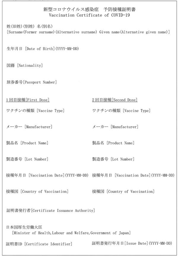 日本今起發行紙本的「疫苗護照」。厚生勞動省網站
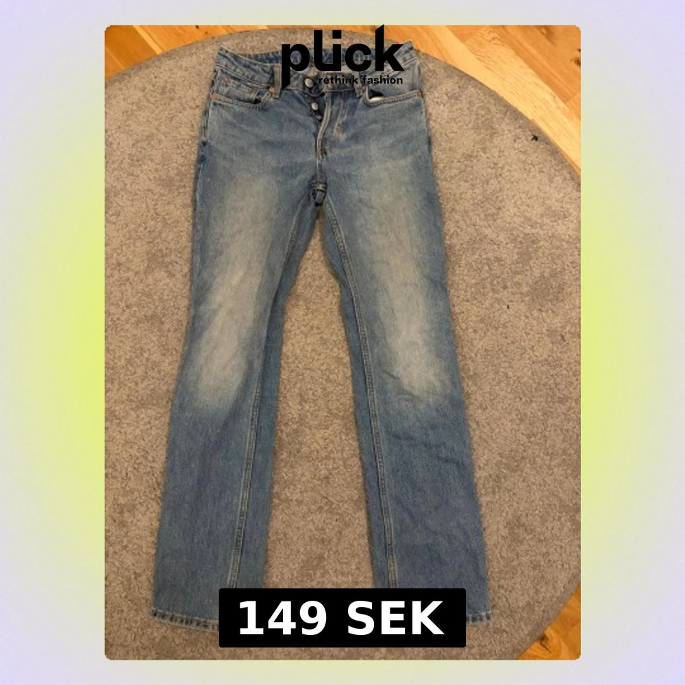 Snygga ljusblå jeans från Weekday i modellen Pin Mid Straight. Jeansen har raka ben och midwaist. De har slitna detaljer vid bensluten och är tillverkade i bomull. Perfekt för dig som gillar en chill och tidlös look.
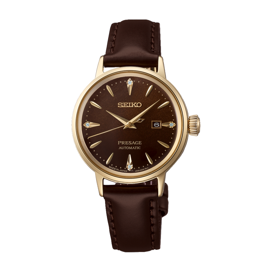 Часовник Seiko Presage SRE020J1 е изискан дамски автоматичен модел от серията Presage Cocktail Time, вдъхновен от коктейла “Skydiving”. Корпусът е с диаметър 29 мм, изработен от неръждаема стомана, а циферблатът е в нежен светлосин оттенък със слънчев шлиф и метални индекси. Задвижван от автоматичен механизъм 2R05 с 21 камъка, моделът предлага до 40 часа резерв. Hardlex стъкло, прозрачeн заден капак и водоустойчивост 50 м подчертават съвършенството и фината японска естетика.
□ □ □ □ □
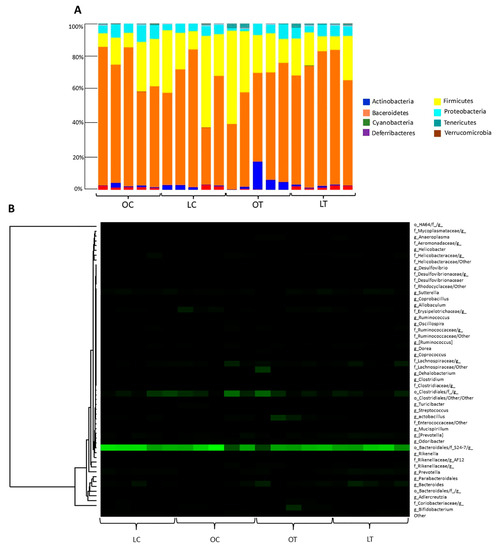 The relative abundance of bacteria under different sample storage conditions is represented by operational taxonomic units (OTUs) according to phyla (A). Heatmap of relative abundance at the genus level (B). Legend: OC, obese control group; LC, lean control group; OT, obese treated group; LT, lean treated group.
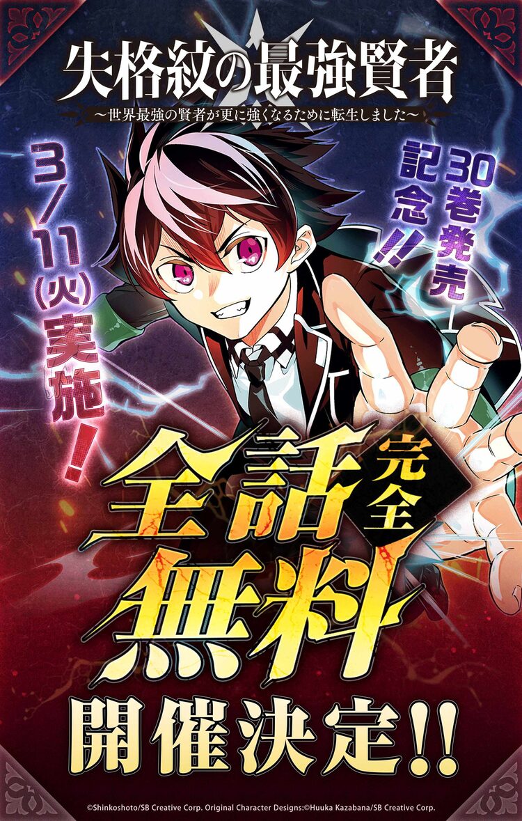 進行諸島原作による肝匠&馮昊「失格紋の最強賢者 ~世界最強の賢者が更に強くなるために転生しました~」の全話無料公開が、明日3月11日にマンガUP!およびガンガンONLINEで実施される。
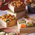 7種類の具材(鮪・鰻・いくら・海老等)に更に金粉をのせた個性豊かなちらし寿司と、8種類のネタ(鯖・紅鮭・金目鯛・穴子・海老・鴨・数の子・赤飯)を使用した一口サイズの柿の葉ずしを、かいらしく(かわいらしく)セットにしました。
□ □ □ □ □
Starting with the line that has "日本今起發行紙本的「疫苗護照」。厚生勞動省網站" and ending with the line that has "Часовник Seiko Presage", repeat the lines above exactly, omitting every picture.

▶ [WRITTEN SOLUTION]
 日本今起發行紙本的「疫苗護照」。厚生勞動省網站
 Snygga ljusblå jeans från Weekday i modellen Pin Mid Straight. Jeansen har raka ben och midwaist. De har slitna detaljer vid bensluten och är tillverkade i bomull. Perfekt för dig som gillar en chill och tidlös look.
 Часовник Seiko Presage SRE020J1 е изискан дамски автоматичен модел от серията Presage Cocktail Time, вдъхновен от коктейла “Skydiving”. Корпусът е с диаметър 29 мм, изработен от неръждаема стомана, а циферблатът е в нежен светлосин оттенък със слънчев шлиф и метални индекси. Задвижван от автоматичен механизъм 2R05 с 21 камъка, моделът предлага до 40 часа резерв. Hardlex стъкло, прозрачeн заден капак и водоустойчивост 50 м подчертават съвършенството и фината японска естетика.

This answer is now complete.